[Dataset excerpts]

___

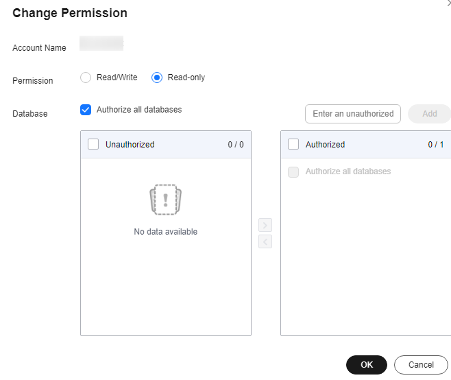 - In the displayed dialog box, select the required permissions and database, and click OK.
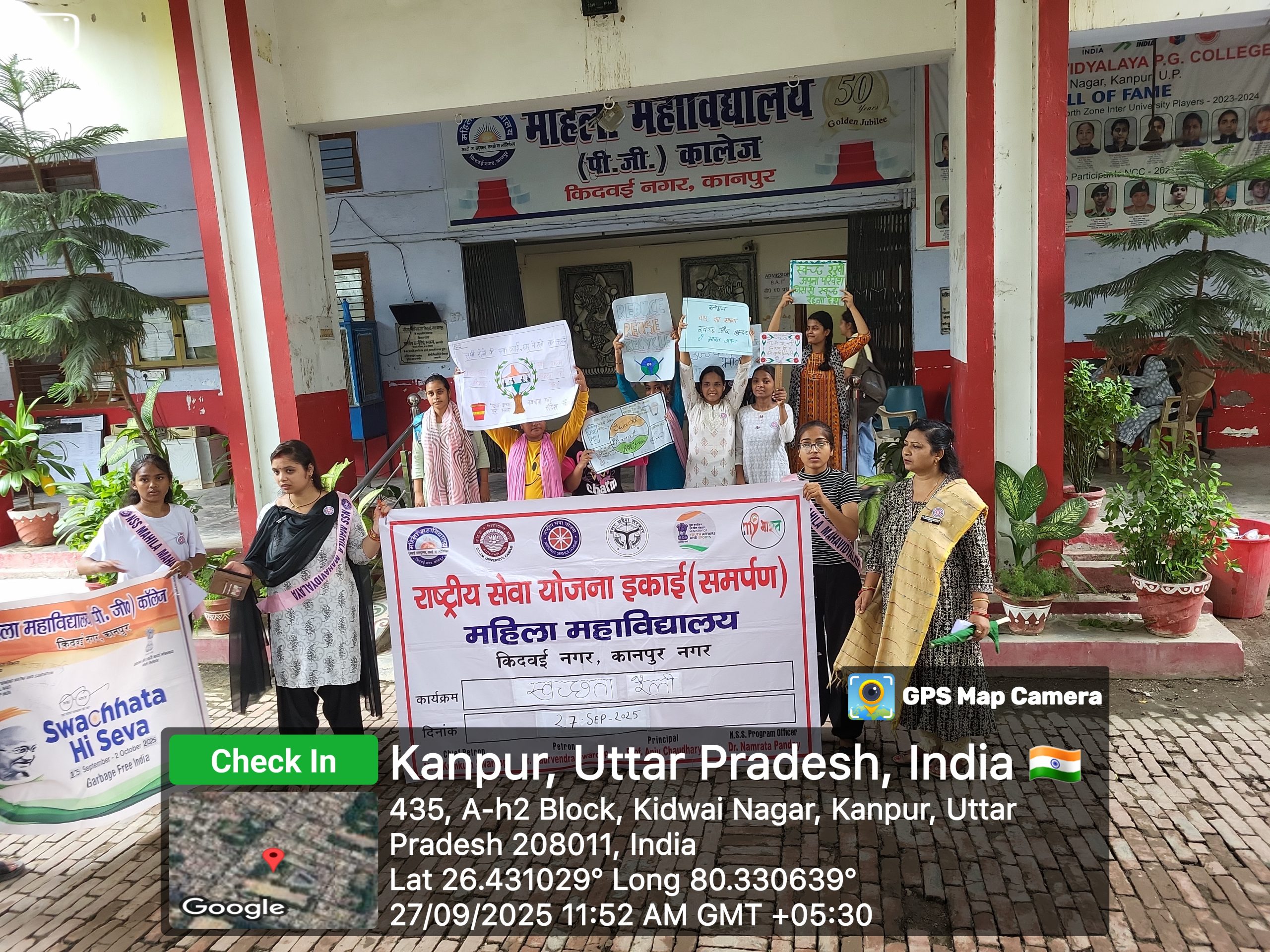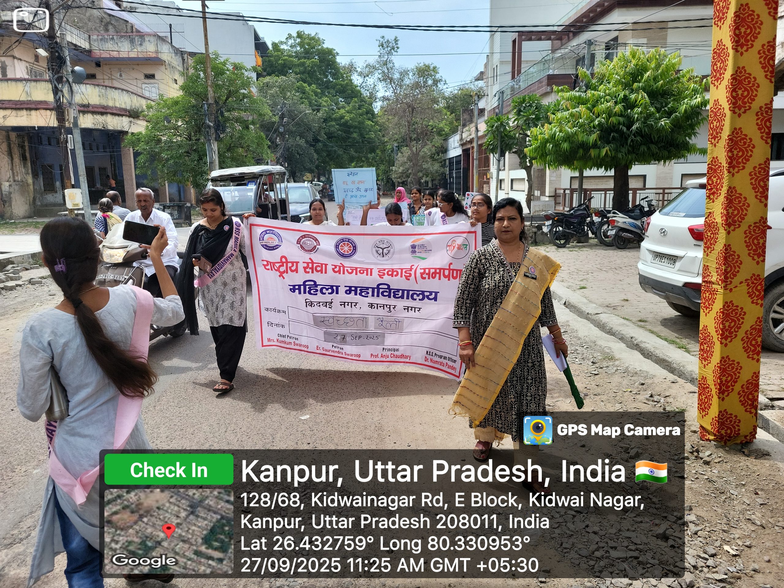 आज दिनांक 27 सितंबर 2025 को महिला महाविद्यालय किदवई नगर कानपुर की राष्ट्रीय सेवा योजना इकाई “समर्पण” द्वारा शासन के निर्देशानुसार स्वच्छ उत्सव – स्वच्छता ही सेवा है (SHS) अभियान के अंतर्गत स्वच्छता रैली का आयोजन किया गया।
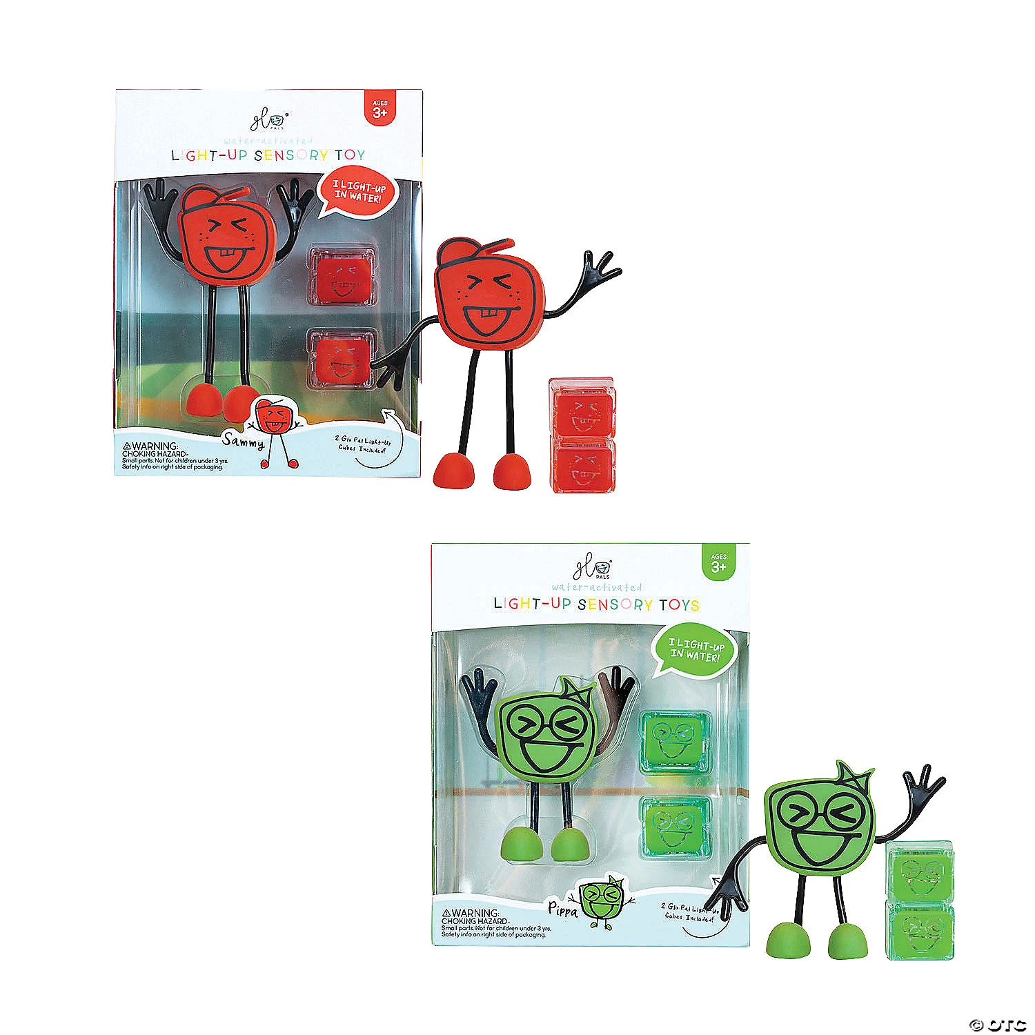 Brighten bath time with these cubes that light up when you drop them in water! These light-up friends make a fun bath toy, or play with them in the pool, sink, water table or bowl of water for sensory stimulation no matter where playtime takes you. With batteries that are sealed inside for safety, children as young as 3 can delight in watching these cubes shine bright red and green colors. Turn the lights out to really highlight their glow!Includes:Sammy Glo Pal: The MVP of playtime, Sammy (a.k.a. “Slanky” due to his long, lanky legs) can be a bit clumsy, but he still wins our hearts. He loves running fast, playing sports and scoring big bath time fun with his glowing red light!Pippa Go Pal: The smallest of the Glo Pals, friends sometimes call her “Pipsqueak,” but she doesn’t mind because she knows that great things come in small packages. The only thing she loves more than getting lost in a good book or playing with animals is spending time with friends like you!• Glo Pals shine a light on fun water play while helping to ease sensory overload!• Develops cognitive skills, color recognition and fine motor skills• Every purchase supports Batson Children’s Hospital. • Mom’s Choice Awards Gold Recipient • Autism Live Top Sensory AwardAge Recommendation: Ages 3 years and up
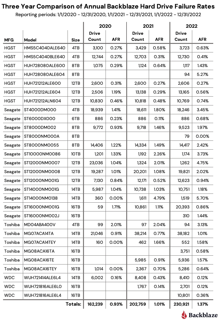 Firma Backblaze od 2013 roku bada trwałość dysków HDD w swoich centrach danych (niektóre z nich na przestrzeni nawet kilkudziesięciu miesięcy). Upływający czas wyraźnie odbija się na awaryjności, co wyraża tzw. AFR (Annualized Failure Rate – roczny wskaźnik awaryjności). Raport z 2022 roku potwierdza, że częstotliwość awarii nośników tego typu zwiększa się wraz z ich wiekiem.
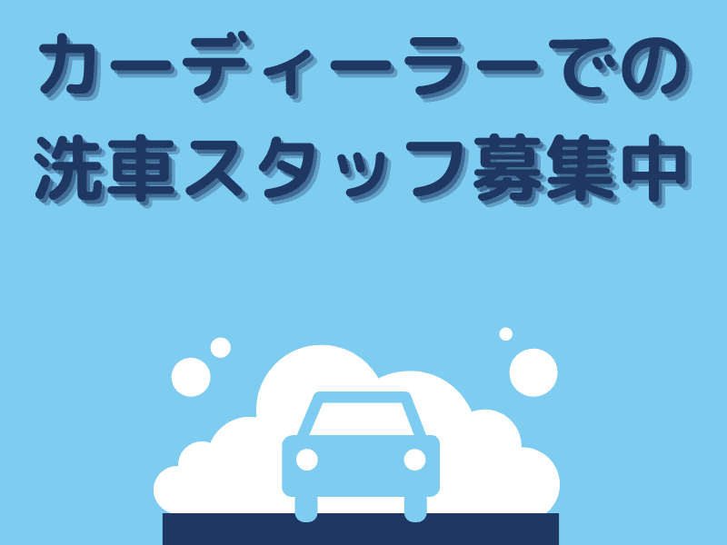 カーディーラーの展示車などの洗車をお願いします! *洗車機のスタートボタンを押す *洗車後の車を綺麗に拭く *車内のゴミを捨てるなど清掃 *店舗のゴミ出しや整理整頓 *代車や試乗車にガソリンの給油 *入荷された部品の仕分け など未経験でもできるシンプル作業☆
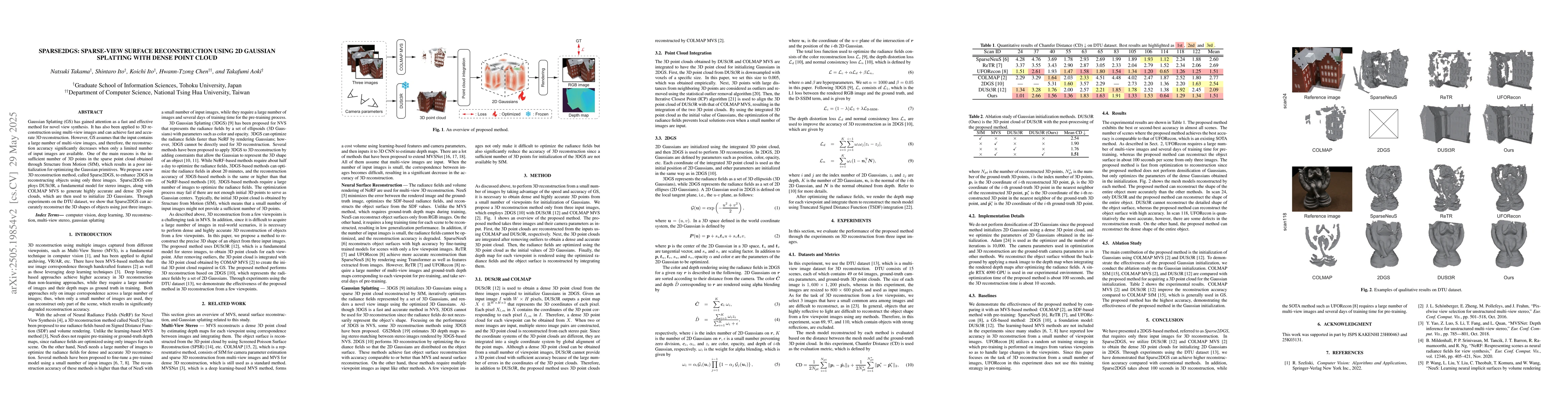 Sparse2DGS introduces a novel integration of DUSt3R and COLMAP MVS for generating high-quality 3D point clouds from sparse multi-view images, improving the initialization process for 2D Gaussian Splatting.
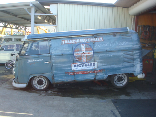 ピンク、シーリングワックスの整備が終わりました。クリーニングをしている途中ですが、次の重整備にも取り掛かります。今回は珍しい右ハンドルのレイトバスです。少しサビも多いですが、修復してお客様に納車となります。もちろん、エアコン&燃焼ヒーターを取り付けて納車予定です。
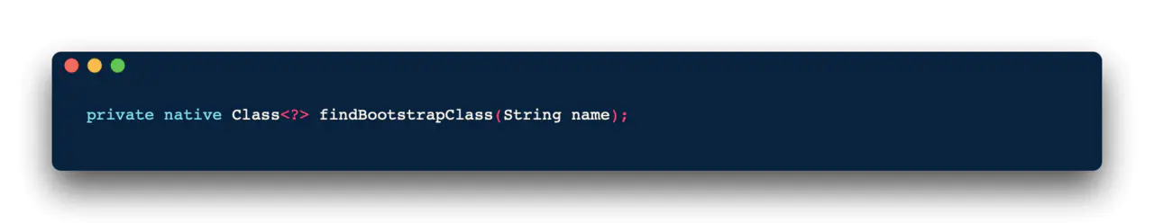 如果采用这种方式的类加载策略,由于双亲托管模型的存在,最终都会将类的加载任务交付给Bootstrap ClassLoader进行加载。跟踪源代码,最终会调用原生方法:
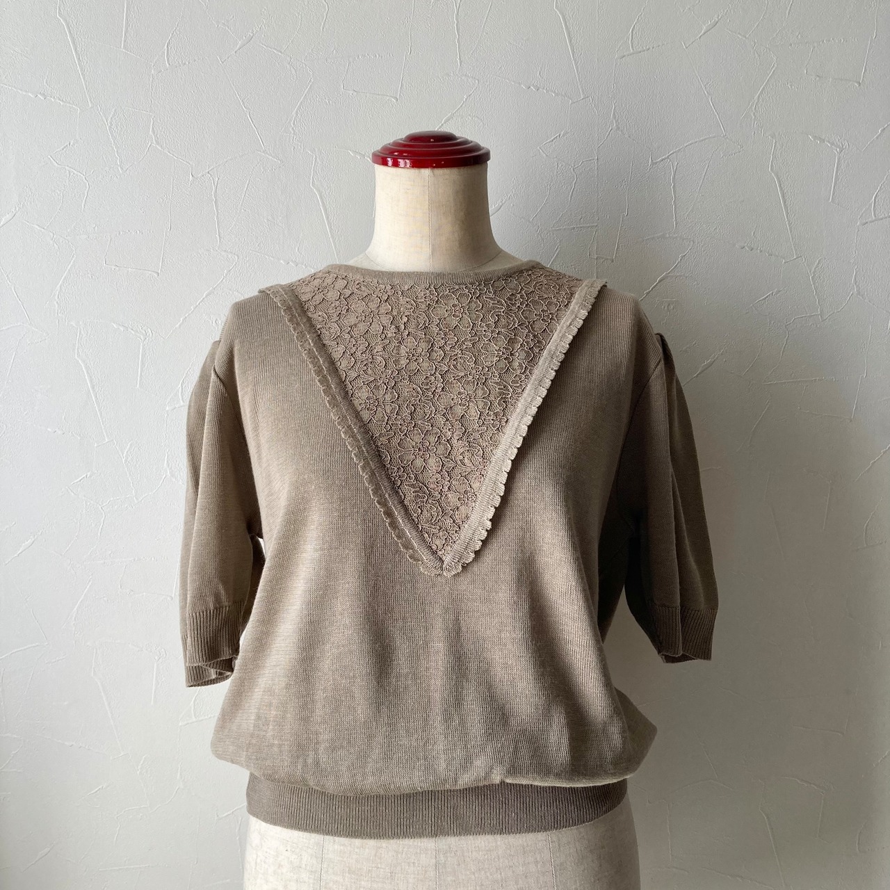 胸の大きなV型レースデザインがステキな半袖ニットトップス◯
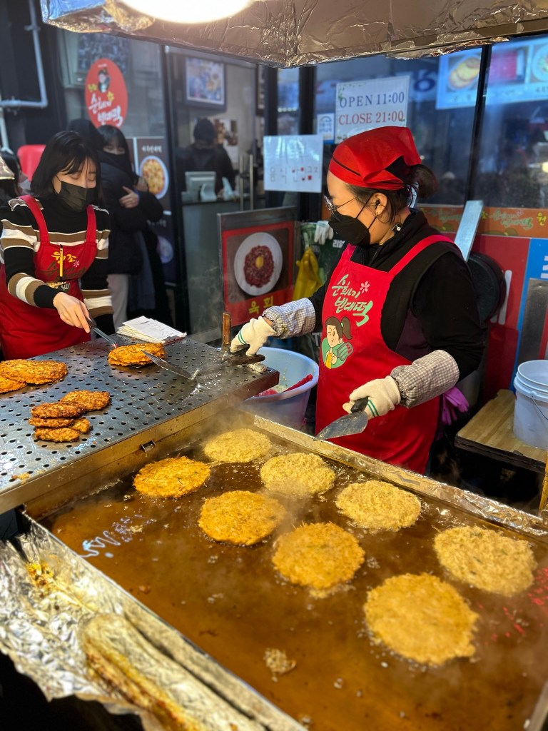 Bindae-tteok – A crispy, savoury pancake made from mung bean. Similar to a hashbrown texture, served hot and amazing dipped in soy sauce or vinegar.
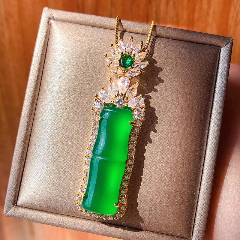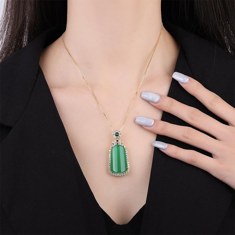 Ювелирные изделия Медное основание Позолоченный Инкрустированный Жадеитом Зеленый Золотой Кулон С аннотацией Независимо от бренда Ожерелье Жадеитовый Кулон
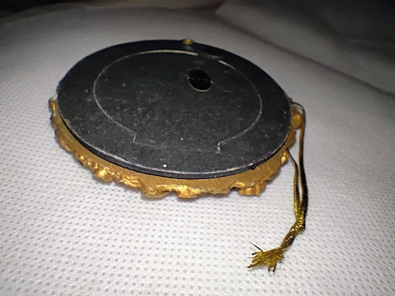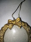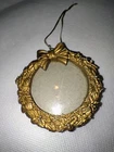 This Vintage Christmas Photo Frame Ornament is a small round wreath in a floral poinsettia pattern, The small gold plastic frame measures 3 inches in size and is perfect for Christmas decor. Just imagine waking up Christmas morning, and seeing your loved ones hanging on your Christmas tree in this cute little poinsettia wreath ornament. This ornament is a charming addition to any holiday collection, capturing the essence of the festive season with its Christmas theme.
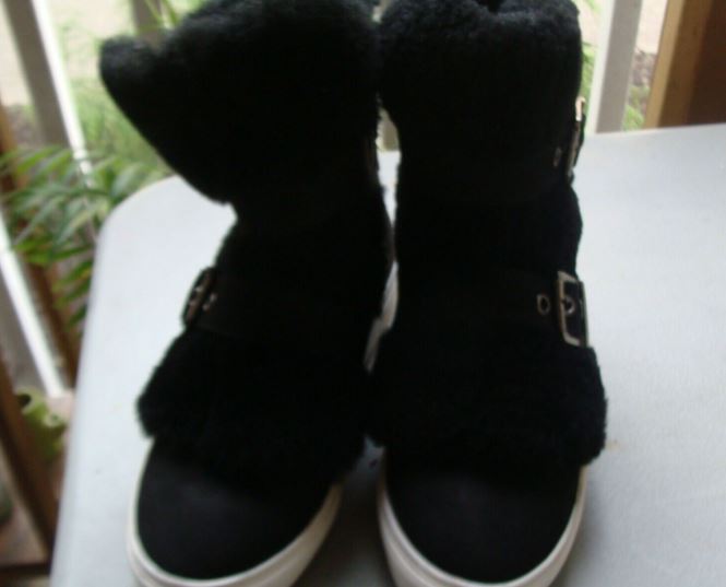 Женские черные кожаные ботинки на молнии сбоку- Luxe De Leon, размер 8.5 , ширина - средняя ножка. Внутри меховая стелька (овечка) , и мех овечки, но снаружи.
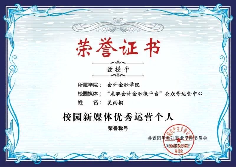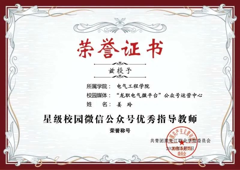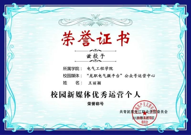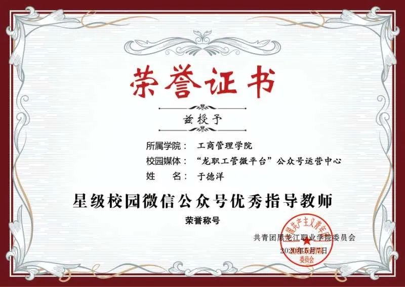 会上,宣传统战部干事、“黑龙江职业学院”官微公众号执行运营总编纪姿含做了点评,并公布了获奖名单。工商管理学院、会计金融学院、电气工程学院分别荣获“星级校园微信公众号”荣誉称号;工商管理学院代理团总支书记于德洋、会计金融学院团总支书记姜婷婷、电气工程学院团总支书记姜玲分别荣获“星级校园微信公众号优秀指导教师”荣誉称号;工商管理学院刘丽利、会计金融学院吴雨桐、电气工程学院王丽颖三名同学分别荣获“校园新媒体优秀运营个人”荣誉称号。校团委书记邹春雷为获奖集体和个人颁发了电子版荣誉证书。

___

- Task directions:
Copy word for word each line of the data above, from the first through the one containing "आज दिनांक 27", and include no pictures.

- Response below:
 - In the displayed dialog box, select the required permissions and database, and click OK.
 आज दिनांक 27 सितंबर 2025 को महिला महाविद्यालय किदवई नगर कानपुर की राष्ट्रीय सेवा योजना इकाई “समर्पण” द्वारा शासन के निर्देशानुसार स्वच्छ उत्सव – स्वच्छता ही सेवा है (SHS) अभियान के अंतर्गत स्वच्छता रैली का आयोजन किया गया।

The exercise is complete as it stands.